*Task prompt*: Reproduce the material below only from the line with "麦ごはん、にらたま汁、かんぱちの変わり揚げ、添え野菜、牛乳" to the line with "Round Blue Nano", both included, keeping each line exact and dropping the pictures.
== Segment start ==
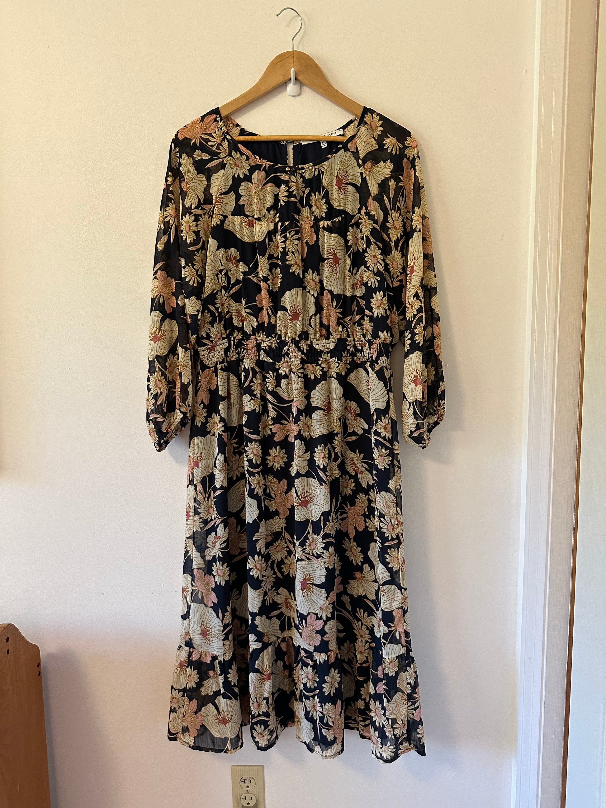 Collective Concepts Chiffon Black and Cream Floral Dress | Size XL
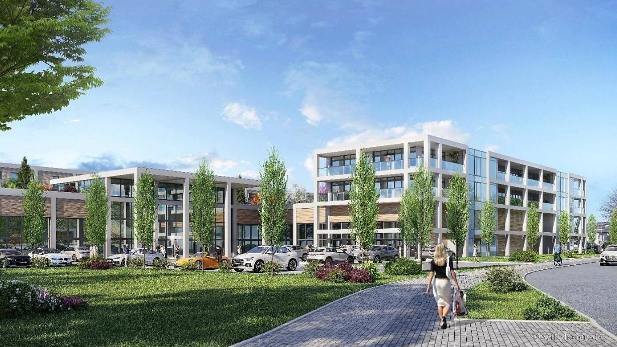 Nach den Vorstellungen der Investoren könnte das neue Nahversorgungszentrum in der Paderborner Stadtheide so aussehen. | © Visualisierung: Schwabenweg Projekt eGbR
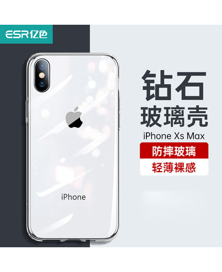 亿色适用苹果xs max手机壳 iphone xs max保护套超薄透明防摔钢化玻璃镜面抖音同款简约男女款 剔透白
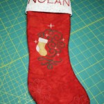 I didn’t have a pattern so I got out a stocking we’ve had for years, taped four pieces of copier paper together then traced around it to get the overall shape. I watched several Christmas stocking sewing examples on YouTube before I decided how I wanted to construct it, how the cuff would look, how the hanging loop would be attached, how it would be embroidered and quilted, etc.
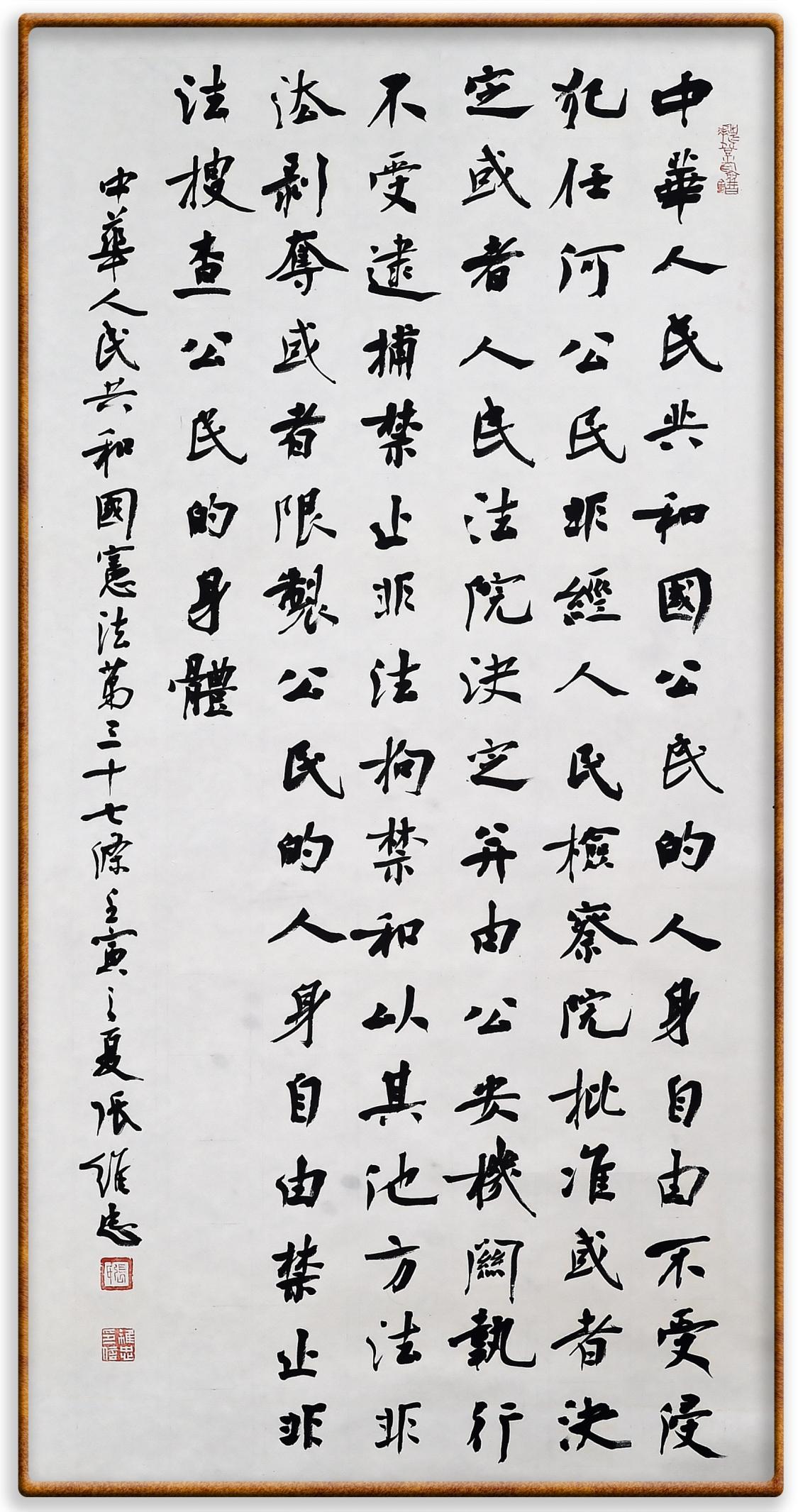 繼《中華人民共和國(guó)民法典》《中華人民共和國(guó)土地管理法》《中華人民共和國(guó)土地管理法實(shí)施條例》《中華人民共和國(guó)法律援助法》之后,法治日?qǐng)?bào)社聯(lián)合北京市司法局、北京書(shū)法家協(xié)會(huì),將筆端對(duì)準(zhǔn)《中華人民共和國(guó)憲法》和《中華人民共和國(guó)行政處罰法》。
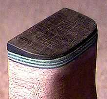 Here's the heelcap. The final green layer of veneer (immediately next to the ebony) will line up with the green side purfling line. The ebony heelcap is cut on a slant, to be in line with the arch of the back. |
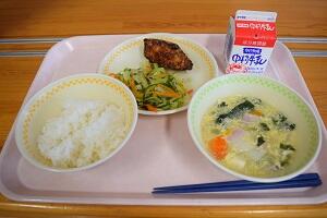 麦ごはん、にらたま汁、かんぱちの変わり揚げ、添え野菜、牛乳
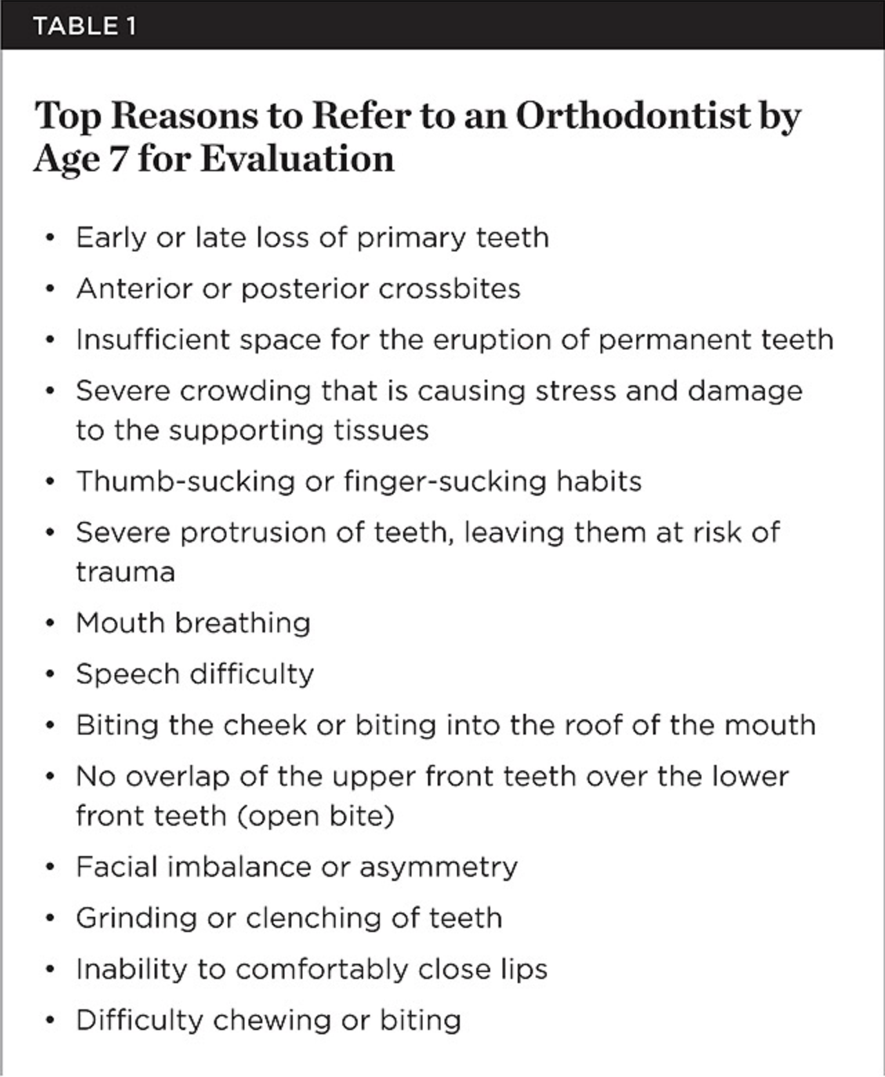 1. American Association of Orthodontists. Your Child’s First Orthodontic Checkup: No Later Than Age 7 [brochure]. 2008:1-4. www.aaomembers.org/Resources/upload/Your_Childs_First_Checkup-l.pdf. Accessed February 22, 2013
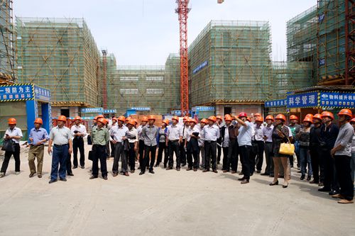 此次参观活动由金寨县安监站站长李峰带队,共有60多位乡镇安全负责人到现场参观。李站长向大家介绍了金园中心学校工程和金园学府工程的基本情况,然后结合现场的围挡、门禁系统、外脚手架的搭设、塔吊的安装和操作、物料提升机的安装和操作、钢筋加工棚的规范搭设以及“三宝、四口、五临边”向各位安全负责人一一做出了讲解。各位乡镇安全负责人对工程的质量和安全都给予了高度的评价,并且表示要向当地的施工企业进行宣传,学习十七冶的施工管理。
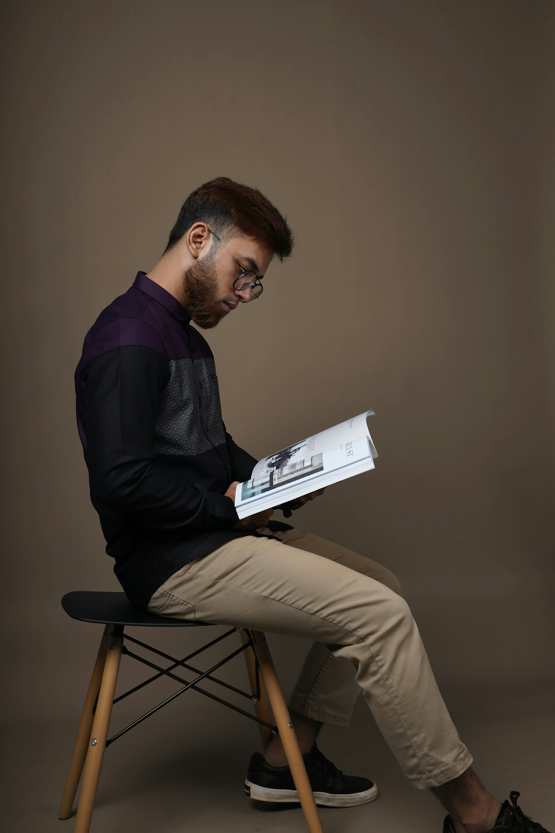 a man is talking on his cell phone while carrying a black bag
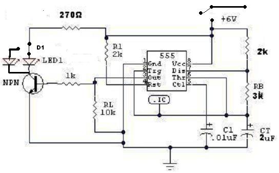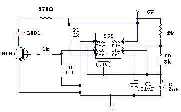 Ezzel a három értékkel (1Kohm, 1Kohm, 0.1uF) 4,8KHz a frekvencia vagyis 4800 Hz !!! Ez olyan gyors, hogy folyamatosnak látni. A másik dolog, a LED előtét ellenállása az NPN tranzisztornál. Sima LED-nél kb. 4-5mA áram fog rajta folyni (erősfényűnél ennyi se, 3mA körül) amitől éppen világít de nem lesz túl erős a fénye. 15-20mA kellene amihez 220-270 ohmos ellenállás kell 6 volton. A többi érték jónak tűnik.
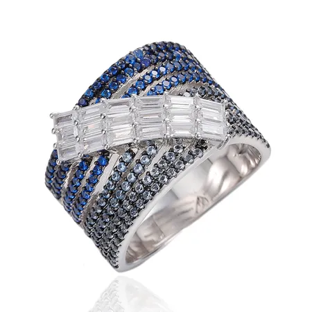 Round Blue Nano And White Cubic Zircon Silver Ring With Rhodium And Black Gold Plating
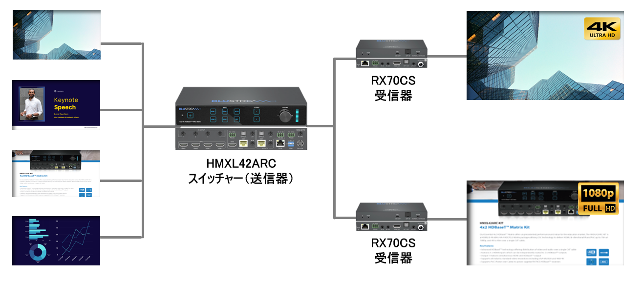 HMXL42ARC-KITは、HDMI入力4系統とHDBaseT出力2系統(内1系統分配出力用HDMI端子搭載)を搭載したマトリックススイッチャーと HDBaseT受信器2台を含むマトリックスエクステンダ-セットです。カラースペース変換(CSC)機能を搭載し最大4K@60Hz 4:4:4(18Gbps)HDMI入力信号に対応。マトリックス送信器とHDBaseT受信器をCat5e以上LANケーブルで接続することで、切替出力した1080p@60HzのHDMI信号を、最大70m(4K@60Hz信号を最大40m)を伝送します。
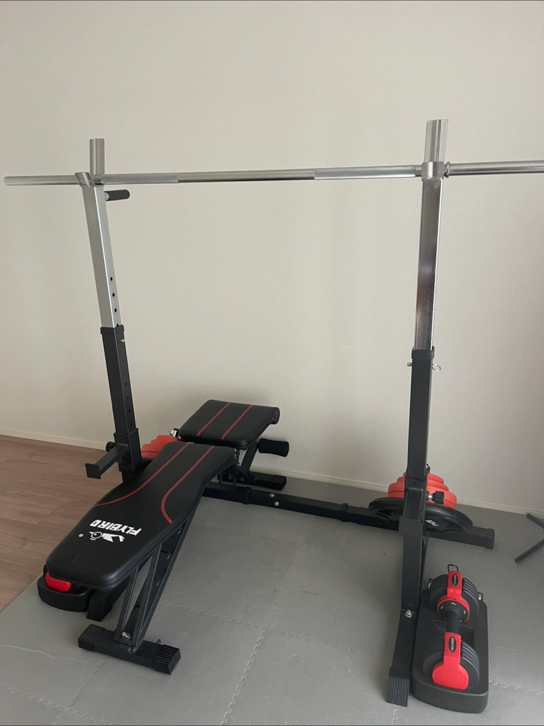金、土、日のみ限定お値引きします。 付属品もセットです。 素人判断ですが、破損等ありません。使用に伴う小傷はありますが、良品の部類と思います。 スクワットラック 高さを変えてベンチプレス等に使用できます ベンチ 角度を変えられます バーベルのバー 10kg プレートを押さえる留め具 プレート 10kg × 2 5kg × 4 2.5kg × 2 1.25kg × 2 可変ダンベル 最大11kg × 2 断捨離中です。 よろしくお願いします。
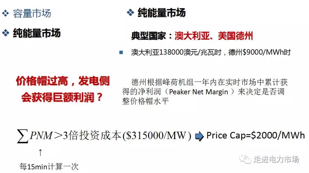 其實(shí)他們雖然說設(shè)立的非常高的價(jià)格帽,但實(shí)際上,像德州,并不會(huì)讓市場持續(xù)一直是這么高的價(jià)格帽,機(jī)組就可以有特別巨額的利潤。德州每15min計(jì)算一個(gè)機(jī)組,就是邊際峰荷機(jī)組在一年內(nèi)的凈利潤,有沒有超過一個(gè)上限,如果超過的話就會(huì)降低價(jià)格帽。這樣的話在一定程度上控制了發(fā)電收入。
== Segment end ==
*Answer to the problem*:
 麦ごはん、にらたま汁、かんぱちの変わり揚げ、添え野菜、牛乳
 1. American Association of Orthodontists. Your Child’s First Orthodontic Checkup: No Later Than Age 7 [brochure]. 2008:1-4. www.aaomembers.org/Resources/upload/Your_Childs_First_Checkup-l.pdf. Accessed February 22, 2013
 此次参观活动由金寨县安监站站长李峰带队,共有60多位乡镇安全负责人到现场参观。李站长向大家介绍了金园中心学校工程和金园学府工程的基本情况,然后结合现场的围挡、门禁系统、外脚手架的搭设、塔吊的安装和操作、物料提升机的安装和操作、钢筋加工棚的规范搭设以及“三宝、四口、五临边”向各位安全负责人一一做出了讲解。各位乡镇安全负责人对工程的质量和安全都给予了高度的评价,并且表示要向当地的施工企业进行宣传,学习十七冶的施工管理。
 a man is talking on his cell phone while carrying a black bag
 Ezzel a három értékkel (1Kohm, 1Kohm, 0.1uF) 4,8KHz a frekvencia vagyis 4800 Hz !!! Ez olyan gyors, hogy folyamatosnak látni. A másik dolog, a LED előtét ellenállása az NPN tranzisztornál. Sima LED-nél kb. 4-5mA áram fog rajta folyni (erősfényűnél ennyi se, 3mA körül) amitől éppen világít de nem lesz túl erős a fénye. 15-20mA kellene amihez 220-270 ohmos ellenállás kell 6 volton. A többi érték jónak tűnik.
 Round Blue Nano And White Cubic Zircon Silver Ring With Rhodium And Black Gold Plating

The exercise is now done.